(WHAT TO DO):
Below is a listing with pictures. Repeat exactly the lines starting at the one holding "This unique wooden" and going on through the one holding "儿童入场提示 | 儿童一律凭成人票入场 |", and leave every picture out.

** DATA EXTRACT follows **

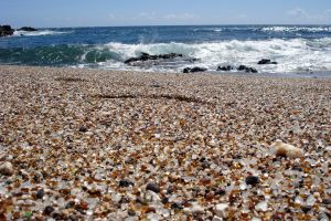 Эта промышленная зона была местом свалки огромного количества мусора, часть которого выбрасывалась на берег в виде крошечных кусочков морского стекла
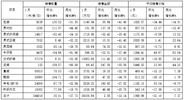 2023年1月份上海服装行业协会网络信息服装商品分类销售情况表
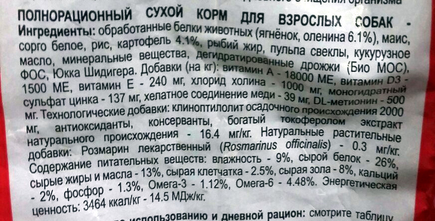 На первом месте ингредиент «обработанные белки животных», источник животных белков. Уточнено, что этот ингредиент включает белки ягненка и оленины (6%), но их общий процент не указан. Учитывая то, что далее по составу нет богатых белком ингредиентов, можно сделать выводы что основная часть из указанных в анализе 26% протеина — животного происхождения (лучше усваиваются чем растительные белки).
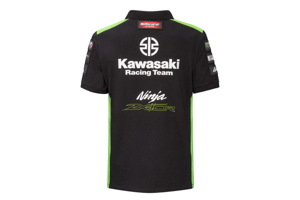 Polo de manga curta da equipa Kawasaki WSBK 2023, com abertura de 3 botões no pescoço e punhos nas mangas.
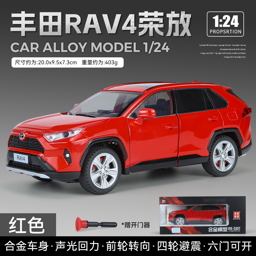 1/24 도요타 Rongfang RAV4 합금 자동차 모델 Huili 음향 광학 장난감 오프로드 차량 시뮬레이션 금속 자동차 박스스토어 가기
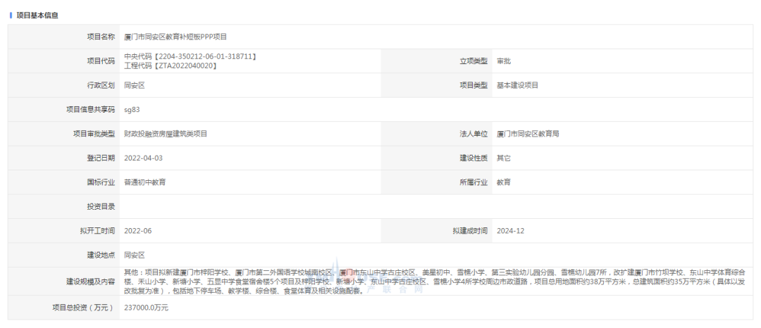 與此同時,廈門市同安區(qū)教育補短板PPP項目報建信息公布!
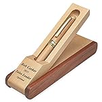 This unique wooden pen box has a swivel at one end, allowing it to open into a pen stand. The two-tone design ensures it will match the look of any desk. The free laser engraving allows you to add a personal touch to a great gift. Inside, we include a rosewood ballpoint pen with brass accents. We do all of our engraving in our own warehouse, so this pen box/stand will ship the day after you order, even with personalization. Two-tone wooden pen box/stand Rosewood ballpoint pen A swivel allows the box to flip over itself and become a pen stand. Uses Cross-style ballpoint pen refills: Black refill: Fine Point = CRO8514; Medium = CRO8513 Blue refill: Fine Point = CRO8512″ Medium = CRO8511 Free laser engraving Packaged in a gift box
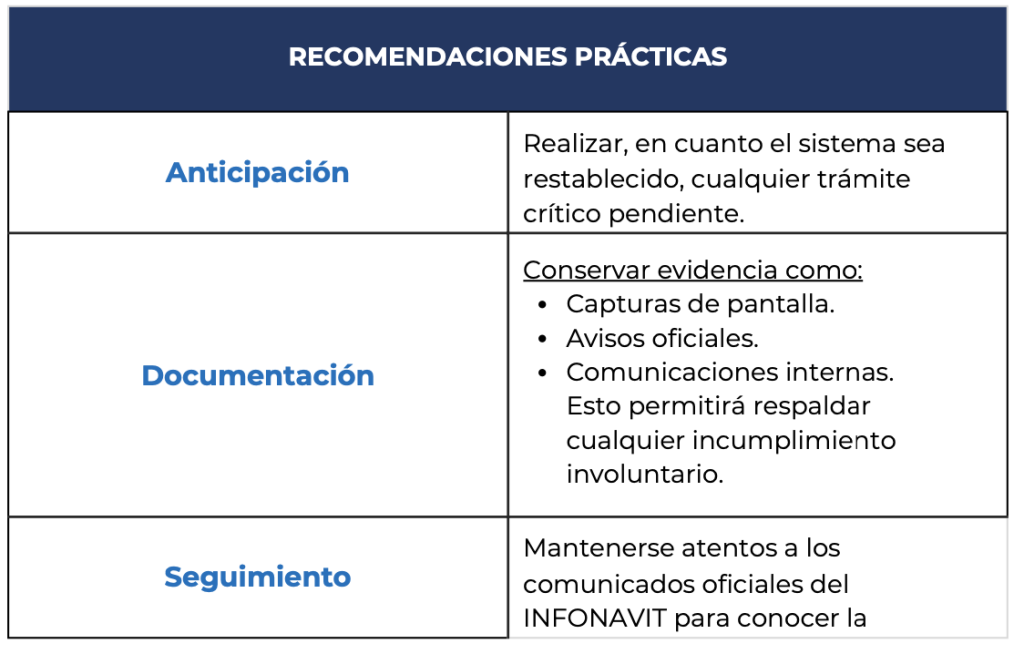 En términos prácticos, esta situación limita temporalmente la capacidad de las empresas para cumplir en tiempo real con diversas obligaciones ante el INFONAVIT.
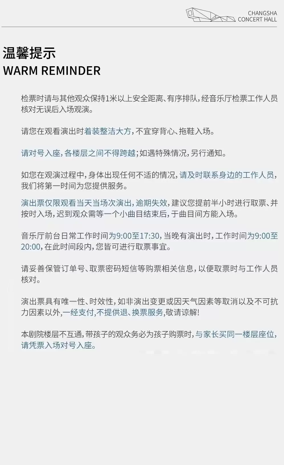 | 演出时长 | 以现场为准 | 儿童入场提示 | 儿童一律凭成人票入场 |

** End of DATA EXTRACT **
** DATA EXTRACT follows **

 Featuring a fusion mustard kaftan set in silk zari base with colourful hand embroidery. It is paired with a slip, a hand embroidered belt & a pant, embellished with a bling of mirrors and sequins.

** End of DATA EXTRACT **
** DATA EXTRACT follows **

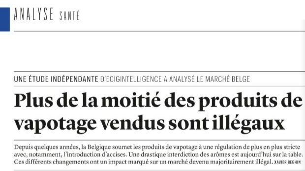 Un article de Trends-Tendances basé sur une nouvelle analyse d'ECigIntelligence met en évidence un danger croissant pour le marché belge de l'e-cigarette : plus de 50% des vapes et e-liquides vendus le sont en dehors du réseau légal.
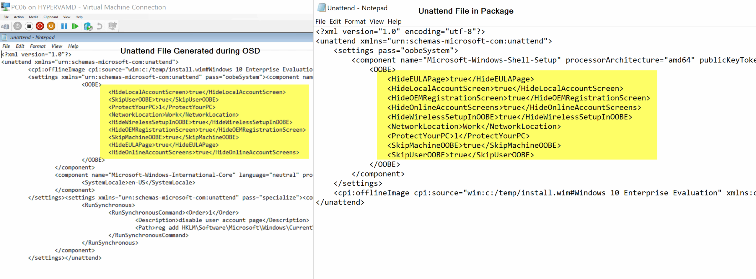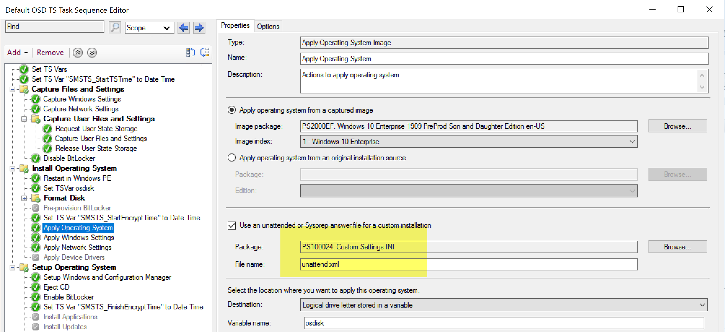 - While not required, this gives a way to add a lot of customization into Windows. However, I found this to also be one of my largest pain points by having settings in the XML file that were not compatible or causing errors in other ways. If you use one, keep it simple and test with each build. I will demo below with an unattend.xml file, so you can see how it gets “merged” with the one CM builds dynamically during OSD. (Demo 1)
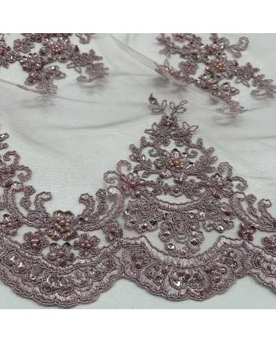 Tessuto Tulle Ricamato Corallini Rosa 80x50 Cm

** End of DATA EXTRACT **

(RESPONSE TO THE TASK):
 This unique wooden pen box has a swivel at one end, allowing it to open into a pen stand. The two-tone design ensures it will match the look of any desk. The free laser engraving allows you to add a personal touch to a great gift. Inside, we include a rosewood ballpoint pen with brass accents. We do all of our engraving in our own warehouse, so this pen box/stand will ship the day after you order, even with personalization. Two-tone wooden pen box/stand Rosewood ballpoint pen A swivel allows the box to flip over itself and become a pen stand. Uses Cross-style ballpoint pen refills: Black refill: Fine Point = CRO8514; Medium = CRO8513 Blue refill: Fine Point = CRO8512″ Medium = CRO8511 Free laser engraving Packaged in a gift box
 En términos prácticos, esta situación limita temporalmente la capacidad de las empresas para cumplir en tiempo real con diversas obligaciones ante el INFONAVIT.
 | 演出时长 | 以现场为准 | 儿童入场提示 | 儿童一律凭成人票入场 |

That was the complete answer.